Exercise brief »
Reproduce the entries below exactly, but leave the pictures out.

The data »
○ ○ ○ ○
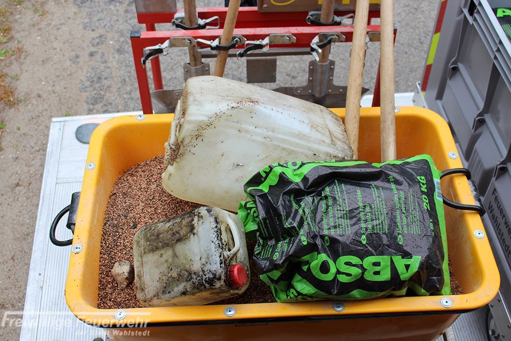Aus bisher ungeklärter Ursache wurden an zwei verschiedenen Stellen in der Hans-Dall-Straße zwei mit Öl gefüllte Kanister abgestellt und umgekippt. Es liefen ca. 25 Liter Öl auf die Straße, die von der Feuerwehr mit sieben Säcken Ölbindemittel abgestreut wurden. Anschließend wurde das Bindemittel zwecks Entsorgung wieder aufgenommen.
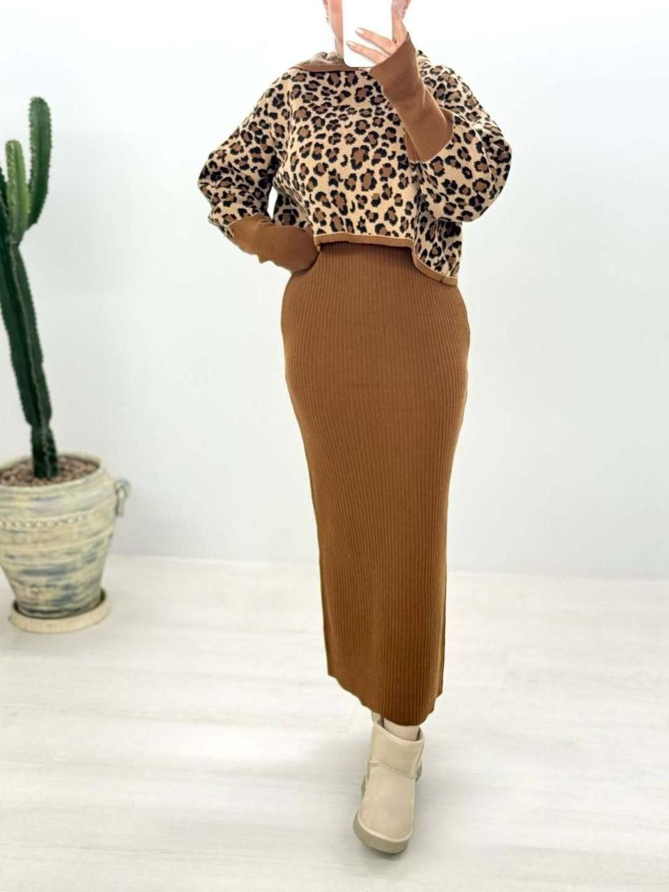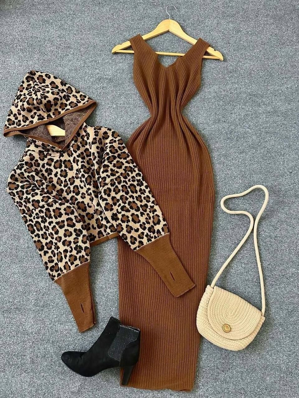 ⚜️ست سارافون و رویه پلنگی کلاهدار برند AX ⚜️رنگبندی:،قهوه ای،مشکی ⚜️سایز یندی:فیری سایز مناسب ۳۶ تا ۴۴ ⚜️قد سارافون :۱۳۵ سانت ⚜️قد رویه:۴۵ سانت ⚜️جنس :نخ بافت گرم بالا ⚜️قیمت:1084
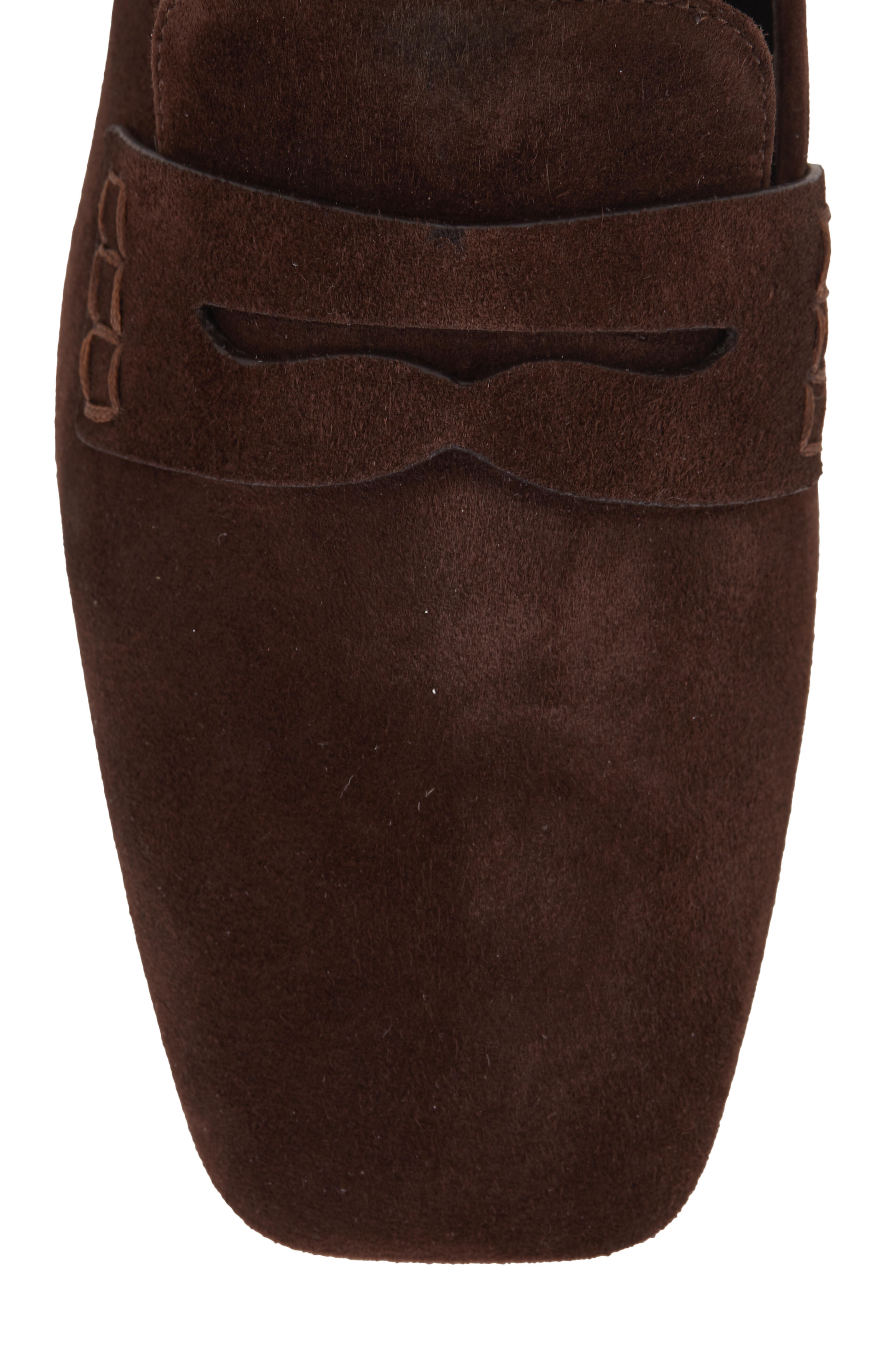 Suede upper. Square toe. Penny strap at vamp. Leather lining and insole. Leather lining. Made in Italy.
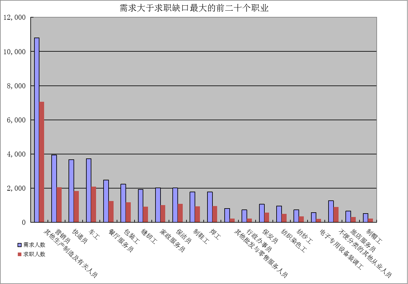 一是求大于供岗位(工种):“其他生产制造及有关人员”、“营销员”、“快递员”企业需求缺口分别是3739人次、1881人次、1839人次。二是供大于求岗位(工种):“行政办事员”、“秘书”、“商品营业员”的市场登记缺口分别是-1253人次、-1013人次、-818人次。
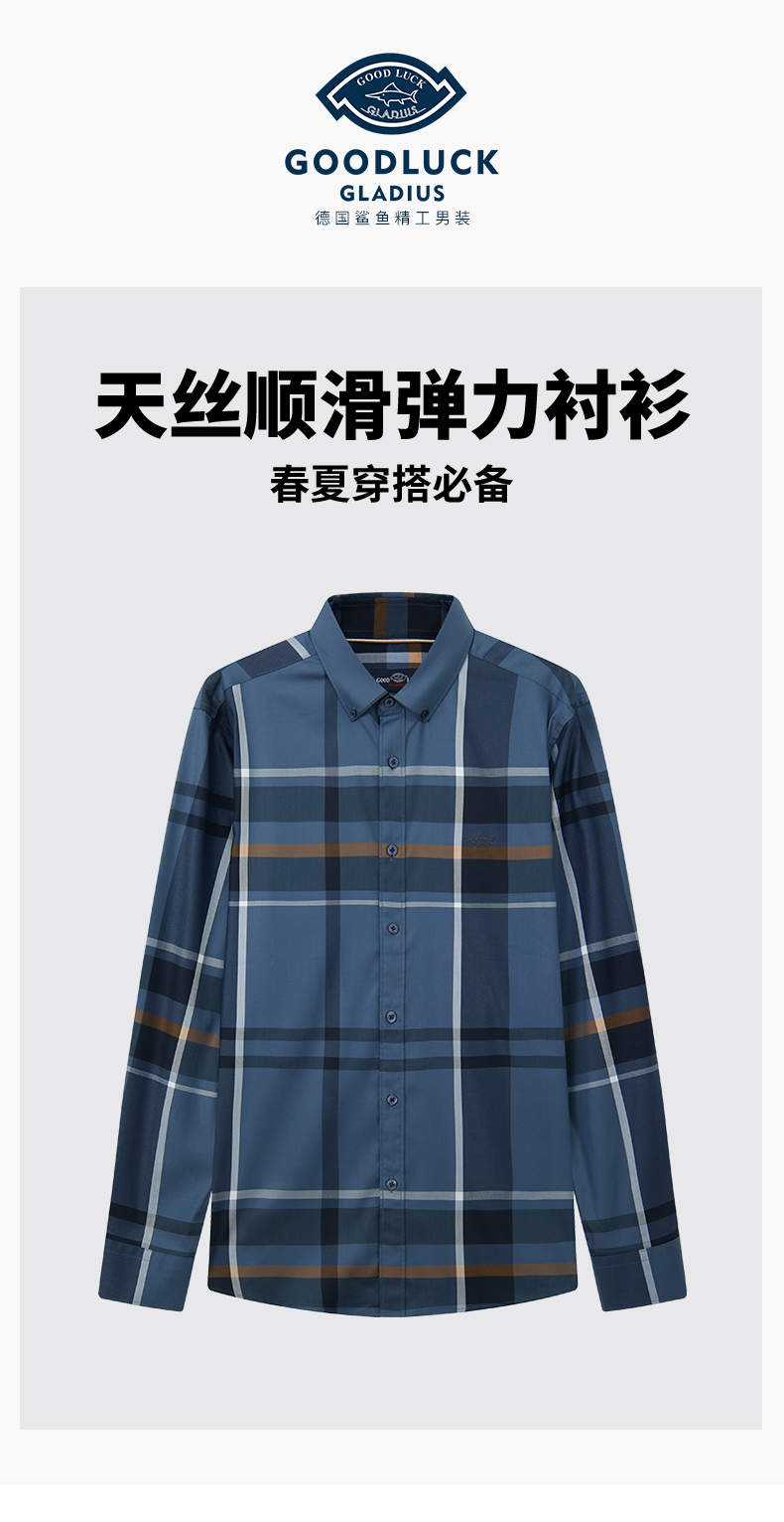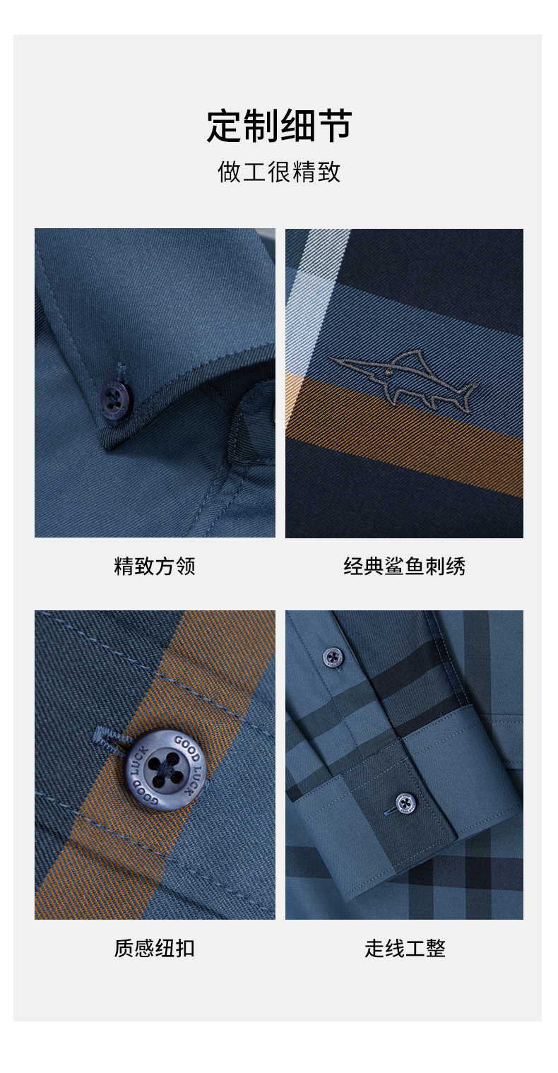 【莱赛尔】德鲨长袖衬衫男2026春季新款条纹撞色休闲衬衣
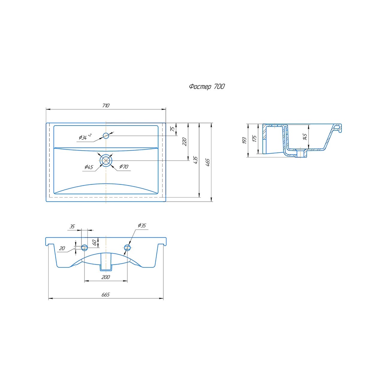 Тумба напольная Grossman Нео 70 см с раковиной Фостер 70 см, цвет белый.
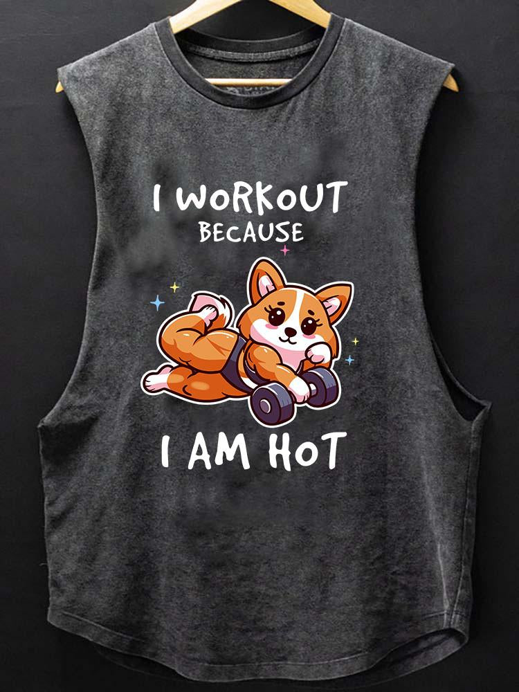 I WORK OUT BECAUSE I'M HOT SCOOP BOTTOM COTTON TANK
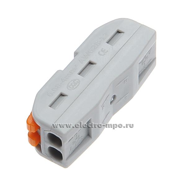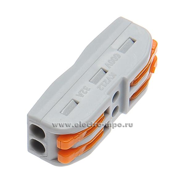 К4321. Зажим YS-212 безвинтовой 2 пары х(0,08-4,0)кв.мм проходной серый (Электромонтаж)
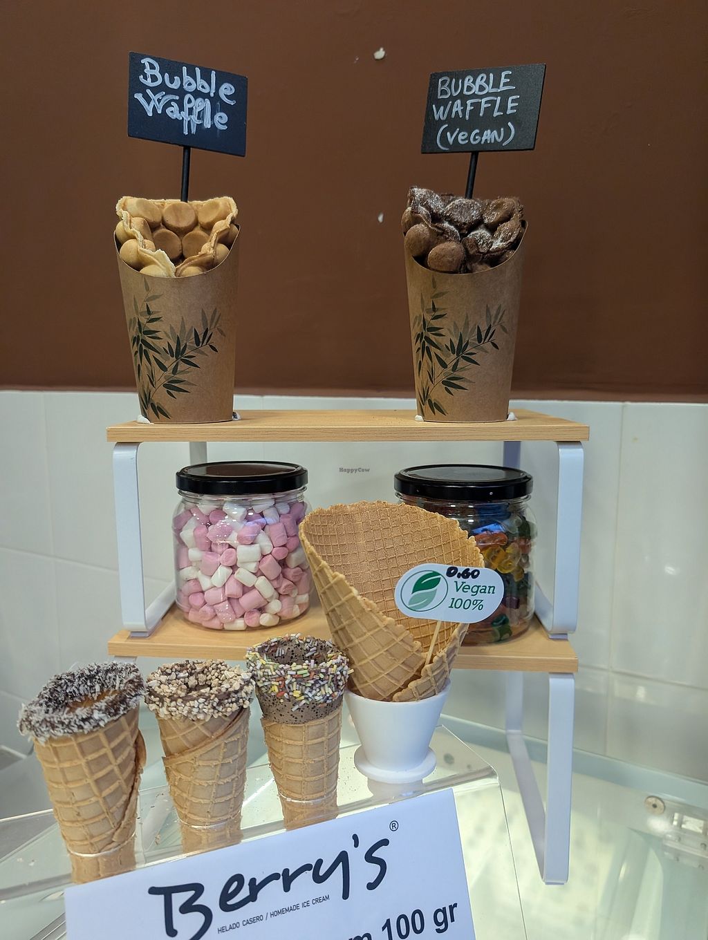 I ordered bubble waffle with snickers and nougat ice cream. Very nice place and a lot of differend vegan ice cream flavoures. Highly recommended!
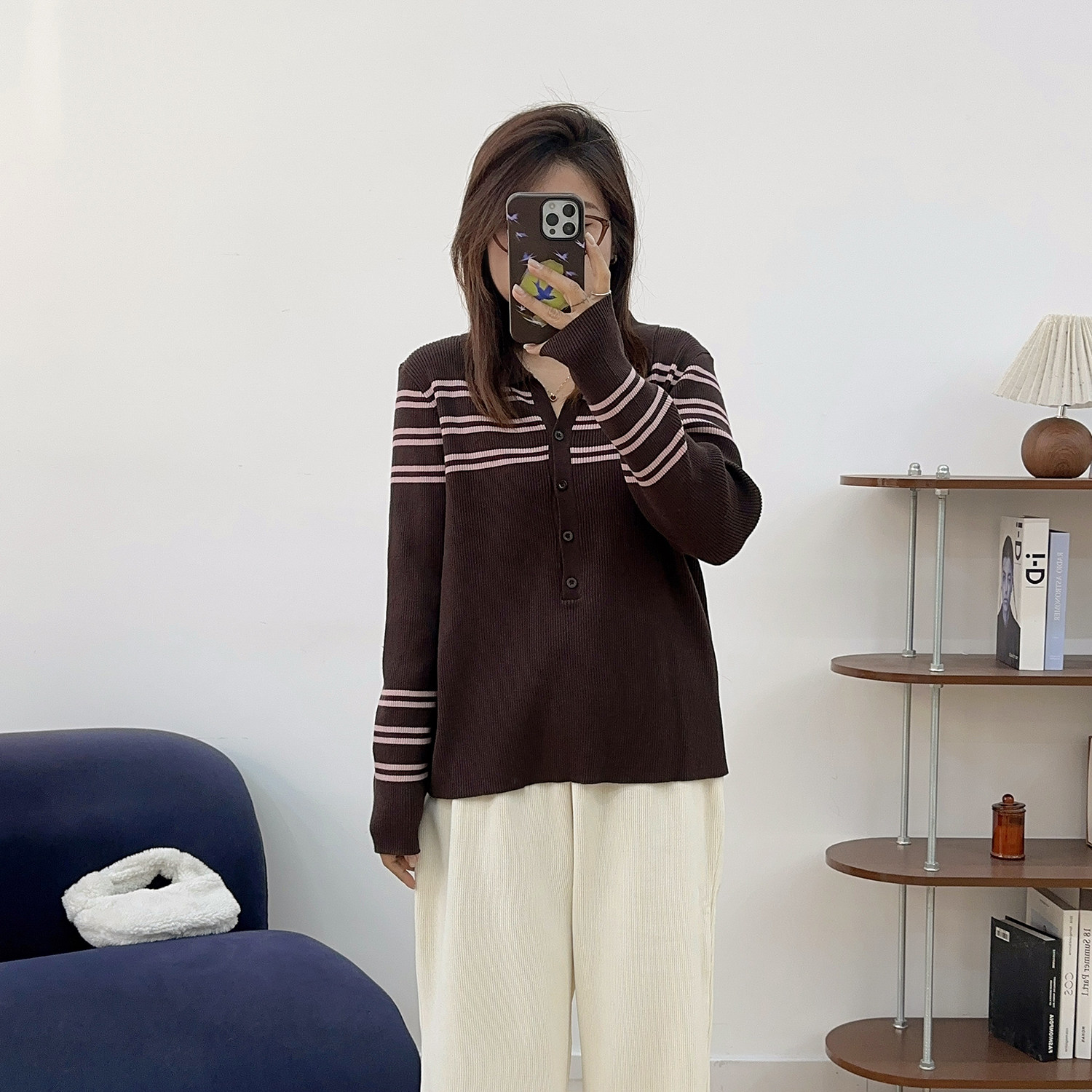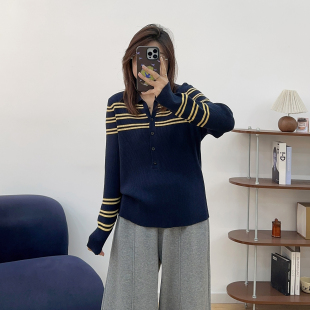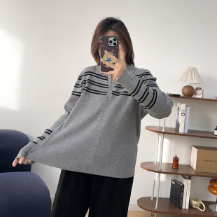 针织衫 新款 宽松显瘦内搭上衣 减龄条纹polo领黑色毛衣秋季 宛宛大码
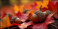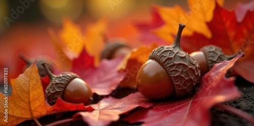 Shiny brown acorns scattered on a bed of crimson and gold autumn leaves , crisp, detal
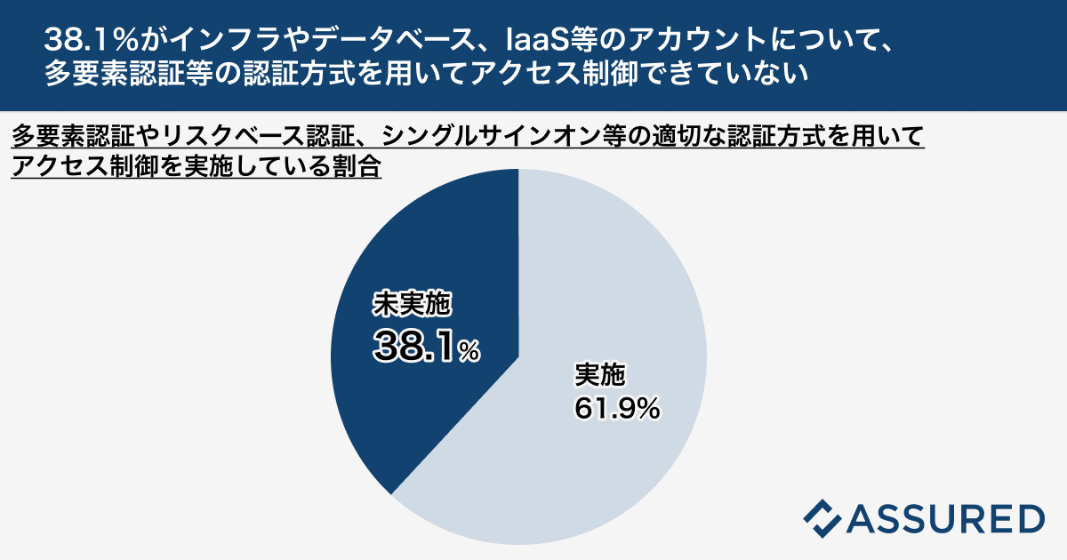 38.1%がインフラやデータベース、IaaS等のアカウントについて、多要素認証等の認証方式を用いてアクセス制御できていない
○ ○ ○ ○
Solution »
Aus bisher ungeklärter Ursache wurden an zwei verschiedenen Stellen in der Hans-Dall-Straße zwei mit Öl gefüllte Kanister abgestellt und umgekippt. Es liefen ca. 25 Liter Öl auf die Straße, die von der Feuerwehr mit sieben Säcken Ölbindemittel abgestreut wurden. Anschließend wurde das Bindemittel zwecks Entsorgung wieder aufgenommen.
 ⚜️ست سارافون و رویه پلنگی کلاهدار برند AX ⚜️رنگبندی:،قهوه ای،مشکی ⚜️سایز یندی:فیری سایز مناسب ۳۶ تا ۴۴ ⚜️قد سارافون :۱۳۵ سانت ⚜️قد رویه:۴۵ سانت ⚜️جنس :نخ بافت گرم بالا ⚜️قیمت:1084
 Suede upper. Square toe. Penny strap at vamp. Leather lining and insole. Leather lining. Made in Italy.
 一是求大于供岗位(工种):“其他生产制造及有关人员”、“营销员”、“快递员”企业需求缺口分别是3739人次、1881人次、1839人次。二是供大于求岗位(工种):“行政办事员”、“秘书”、“商品营业员”的市场登记缺口分别是-1253人次、-1013人次、-818人次。
 【莱赛尔】德鲨长袖衬衫男2026春季新款条纹撞色休闲衬衣
 Тумба напольная Grossman Нео 70 см с раковиной Фостер 70 см, цвет белый.
 I WORK OUT BECAUSE I'M HOT SCOOP BOTTOM COTTON TANK
 К4321. Зажим YS-212 безвинтовой 2 пары х(0,08-4,0)кв.мм проходной серый (Электромонтаж)
 I ordered bubble waffle with snickers and nougat ice cream. Very nice place and a lot of differend vegan ice cream flavoures. Highly recommended!
 针织衫 新款 宽松显瘦内搭上衣 减龄条纹polo领黑色毛衣秋季 宛宛大码
 Shiny brown acorns scattered on a bed of crimson and gold autumn leaves , crisp, detal
 38.1%がインフラやデータベース、IaaS等のアカウントについて、多要素認証等の認証方式を用いてアクセス制御できていない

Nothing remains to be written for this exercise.